■ **Problem details**:
Render every line of the data exactly as written, and leave out the pictures.

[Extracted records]
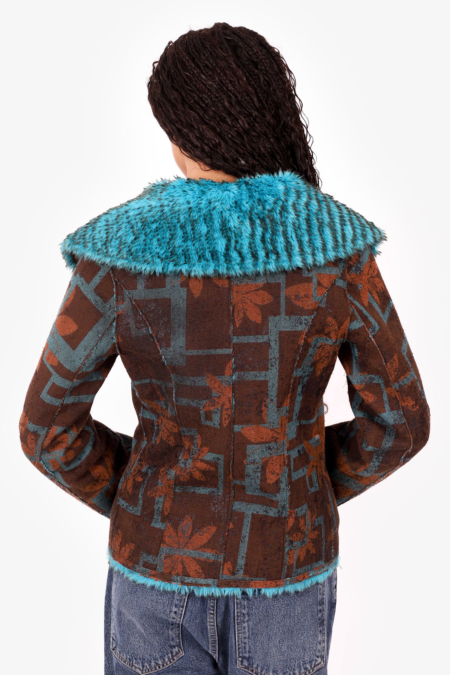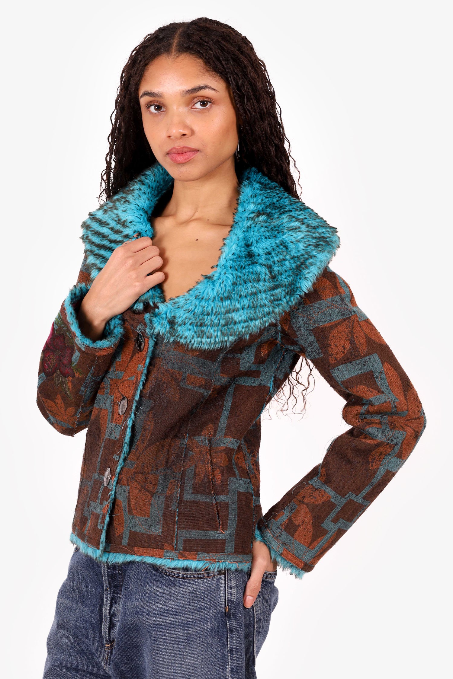 Balmain Brown/Blue Floral Embroidery Faux Fur Jacket Size 36
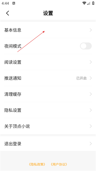 3、在设置界面,可点击【基本信息】选项,进入基本信息界面。
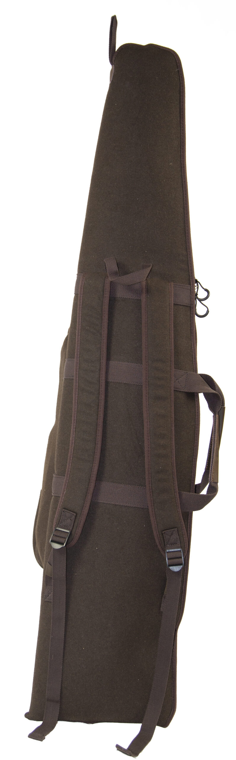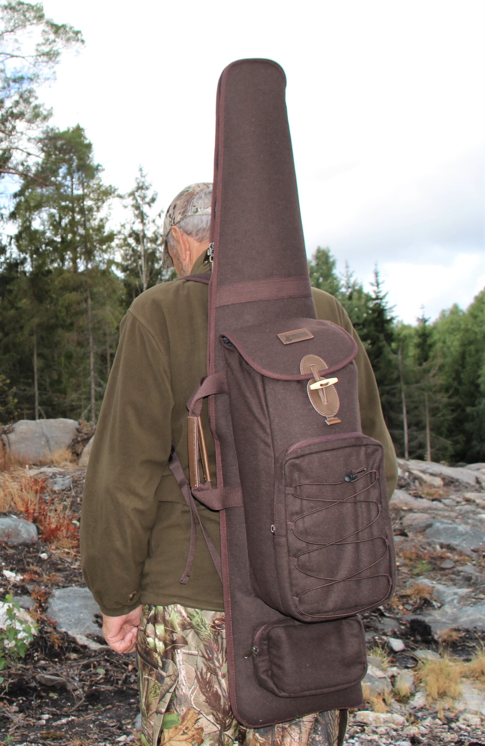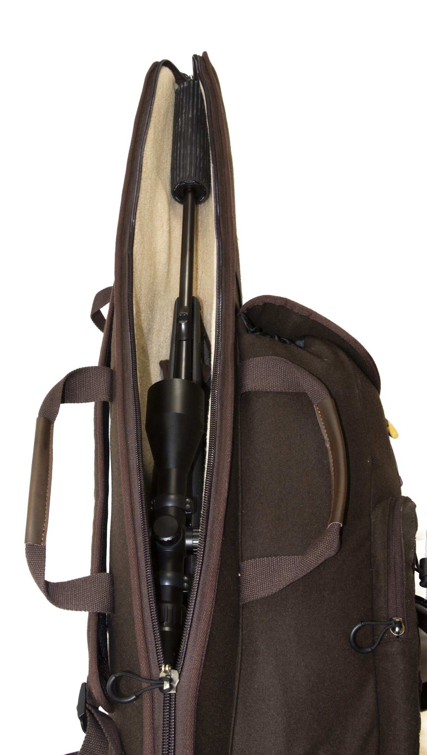 Luksus Våbenfoderal med rygsæk og bæreremme. Let, lydløst og lækkert design. En kombination af riffeletui og rygsæk. Ekstra længde for riffel med lyddæmper. Stort hovedrum med lynlås, frontlomme med lynlås og elastik remme. Separat lomme for bundstykke og ammunition eller lignende. Riffeletuiet er foret med lækkert imiteret lammefor. Bærehåndtag og rygsækremme
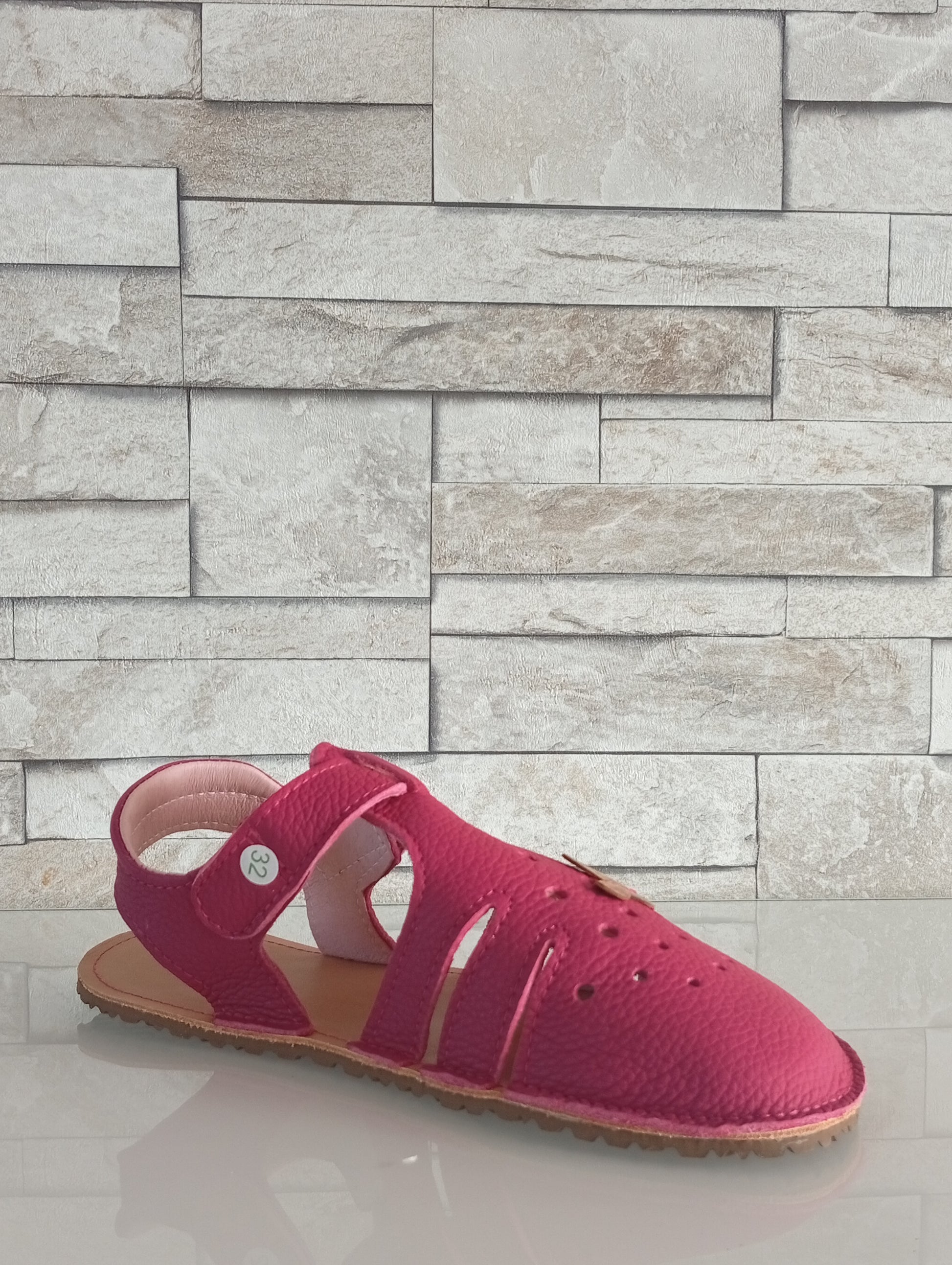 Fabriquées en cuir naturel fuchsia premium, sans renforts rigides, elles laissent le pied bouger librement. Leur joli papillon décoratif en cuir naturel à finition légèrement nacrée apporte une touche délicate et ludique.
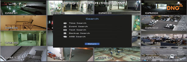 Bạn có thể thực hiện tìm kiếm dữ liệu được ghi lại theo thời gian hoặc bằng các tiêu chí tìm kiếm như một sự kiện. Bạn có thể truy cập trình đơn <tìm kiếm> trực tiếp trong chế độ Trực tuyến
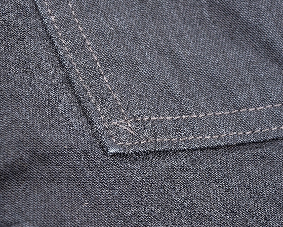 そもそも、脇を巻縫いする前に適切な位置にタブがついていないとダメ。腰裏縫う時はループも流すし、本当に大変。昔のアメリカの人ってこれを何千・何万と平気でやるのだからすごい。器用かつ、量を縫うからこそできるうまさです。
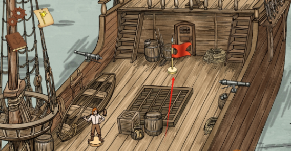 完成第一章的内容后,船上会出现一个旗子,点击船上的旗子;

■ **Exercise output**:
 Balmain Brown/Blue Floral Embroidery Faux Fur Jacket Size 36
 3、在设置界面,可点击【基本信息】选项,进入基本信息界面。
 Luksus Våbenfoderal med rygsæk og bæreremme. Let, lydløst og lækkert design. En kombination af riffeletui og rygsæk. Ekstra længde for riffel med lyddæmper. Stort hovedrum med lynlås, frontlomme med lynlås og elastik remme. Separat lomme for bundstykke og ammunition eller lignende. Riffeletuiet er foret med lækkert imiteret lammefor. Bærehåndtag og rygsækremme
 Fabriquées en cuir naturel fuchsia premium, sans renforts rigides, elles laissent le pied bouger librement. Leur joli papillon décoratif en cuir naturel à finition légèrement nacrée apporte une touche délicate et ludique.
 Bạn có thể thực hiện tìm kiếm dữ liệu được ghi lại theo thời gian hoặc bằng các tiêu chí tìm kiếm như một sự kiện. Bạn có thể truy cập trình đơn <tìm kiếm> trực tiếp trong chế độ Trực tuyến
 そもそも、脇を巻縫いする前に適切な位置にタブがついていないとダメ。腰裏縫う時はループも流すし、本当に大変。昔のアメリカの人ってこれを何千・何万と平気でやるのだからすごい。器用かつ、量を縫うからこそできるうまさです。
 完成第一章的内容后,船上会出现一个旗子,点击船上的旗子;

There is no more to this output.